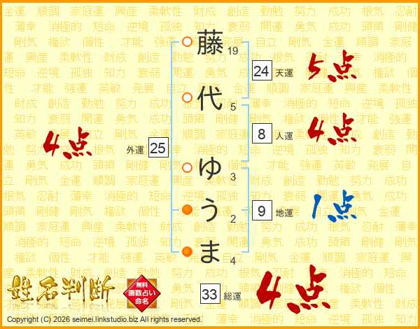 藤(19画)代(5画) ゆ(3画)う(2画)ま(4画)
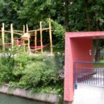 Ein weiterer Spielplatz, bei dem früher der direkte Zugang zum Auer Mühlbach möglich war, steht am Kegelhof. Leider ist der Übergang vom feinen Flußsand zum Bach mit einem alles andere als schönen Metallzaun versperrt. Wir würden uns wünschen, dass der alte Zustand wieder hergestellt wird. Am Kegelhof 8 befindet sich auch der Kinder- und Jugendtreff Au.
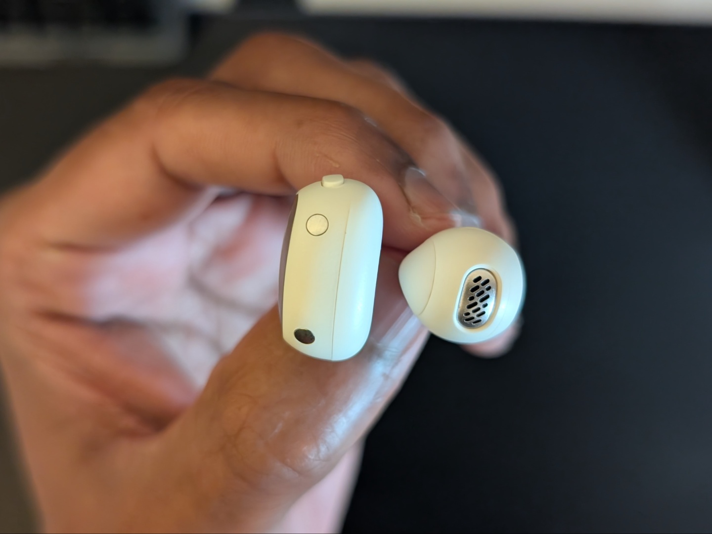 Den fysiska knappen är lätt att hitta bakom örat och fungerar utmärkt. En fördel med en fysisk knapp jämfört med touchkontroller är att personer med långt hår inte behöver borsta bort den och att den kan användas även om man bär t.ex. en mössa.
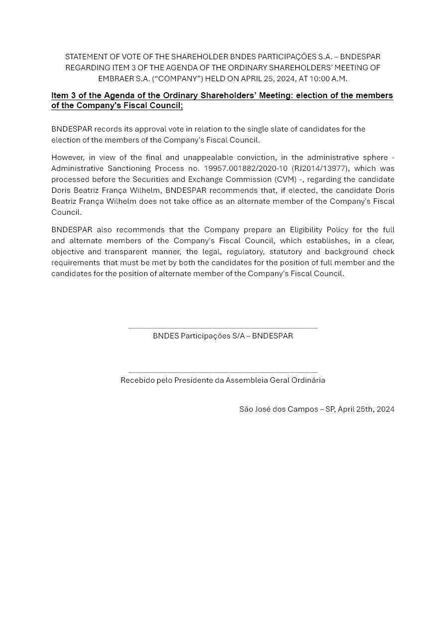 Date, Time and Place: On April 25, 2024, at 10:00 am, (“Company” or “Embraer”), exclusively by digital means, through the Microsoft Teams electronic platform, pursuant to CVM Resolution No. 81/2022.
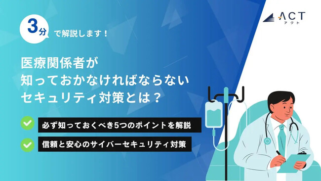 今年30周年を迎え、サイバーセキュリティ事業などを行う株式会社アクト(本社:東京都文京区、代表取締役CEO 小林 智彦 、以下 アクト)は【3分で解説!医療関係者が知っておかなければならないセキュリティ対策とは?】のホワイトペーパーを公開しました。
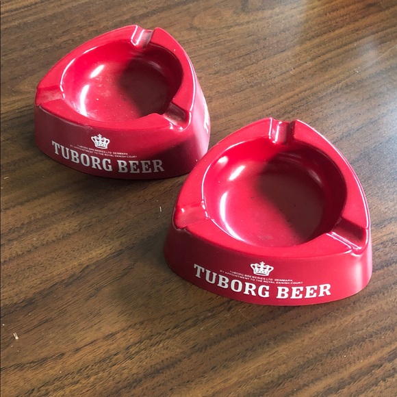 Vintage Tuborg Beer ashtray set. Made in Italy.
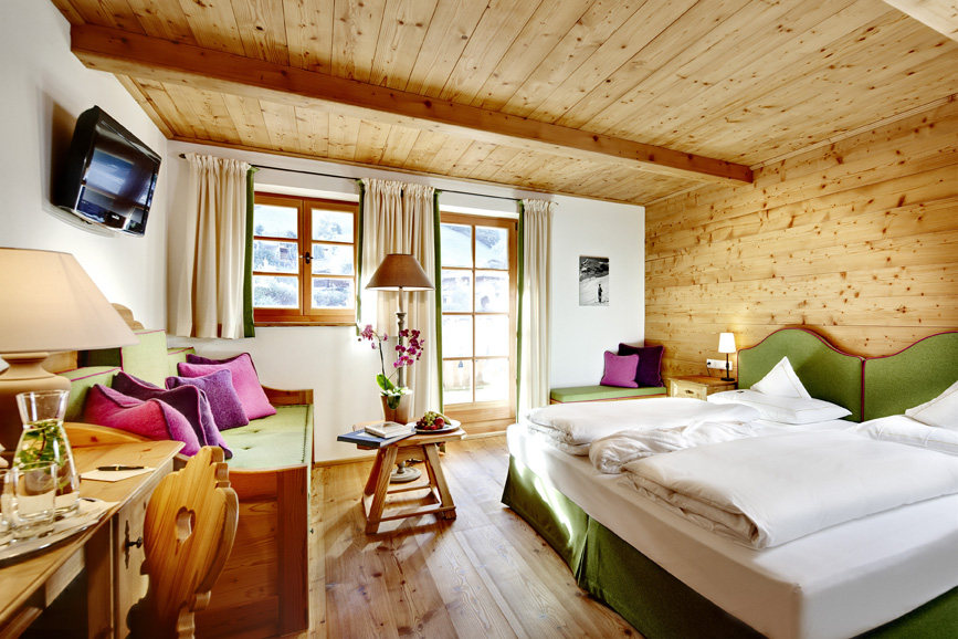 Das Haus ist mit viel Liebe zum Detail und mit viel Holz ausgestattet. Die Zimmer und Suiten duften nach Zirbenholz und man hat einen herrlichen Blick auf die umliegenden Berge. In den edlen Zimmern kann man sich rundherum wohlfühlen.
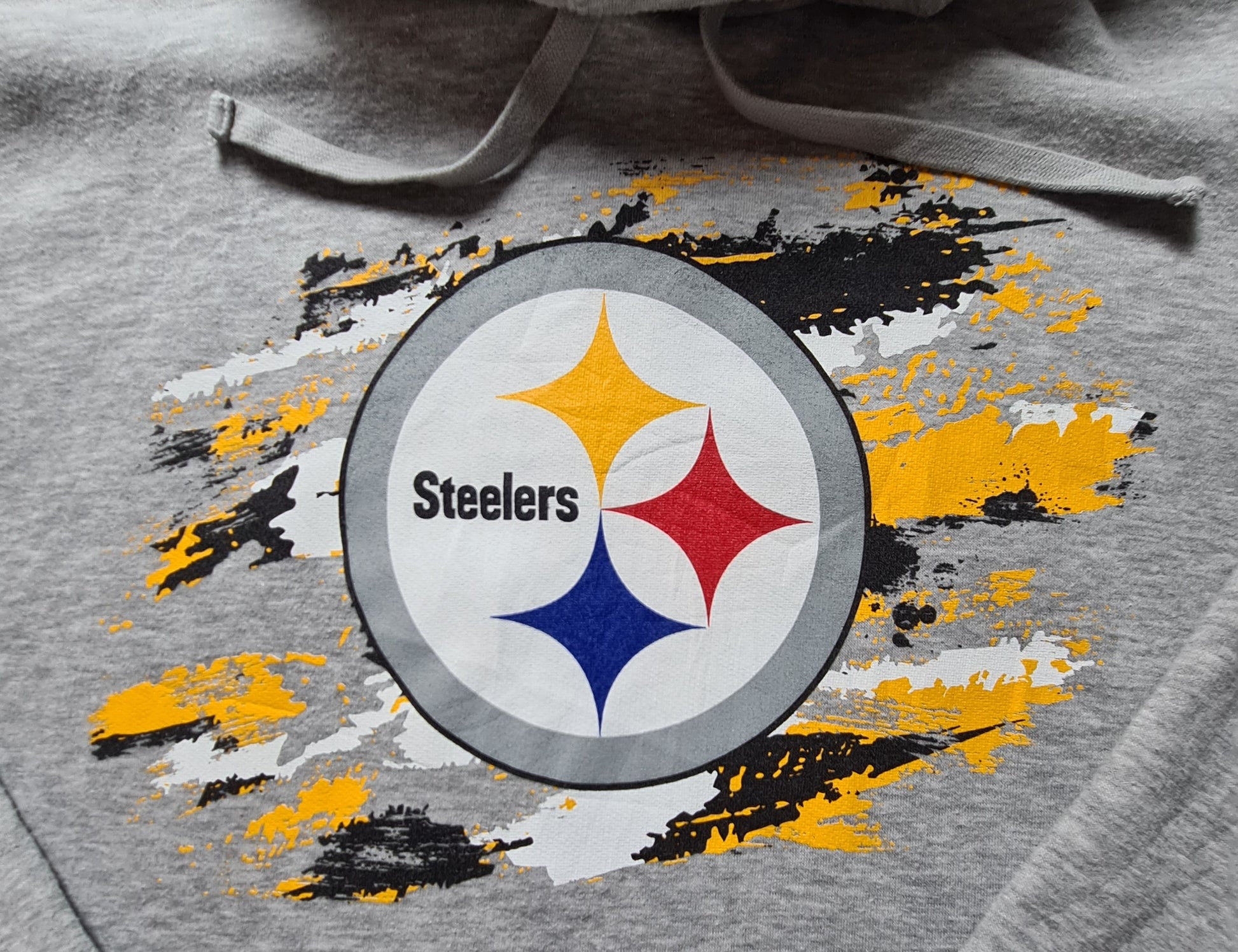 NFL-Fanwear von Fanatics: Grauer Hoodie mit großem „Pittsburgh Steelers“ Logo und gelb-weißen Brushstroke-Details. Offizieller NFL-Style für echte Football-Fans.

> [Problem]:
With the pictures omitted, copy exactly the lines of the listing above starting at the line containing "Date, Time and" and ending at the line containing "Vintage Tuborg Beer", both included.

> [Response to this task]:
 Date, Time and Place: On April 25, 2024, at 10:00 am, (“Company” or “Embraer”), exclusively by digital means, through the Microsoft Teams electronic platform, pursuant to CVM Resolution No. 81/2022.
 今年30周年を迎え、サイバーセキュリティ事業などを行う株式会社アクト(本社:東京都文京区、代表取締役CEO 小林 智彦 、以下 アクト)は【3分で解説!医療関係者が知っておかなければならないセキュリティ対策とは?】のホワイトペーパーを公開しました。
 Vintage Tuborg Beer ashtray set. Made in Italy.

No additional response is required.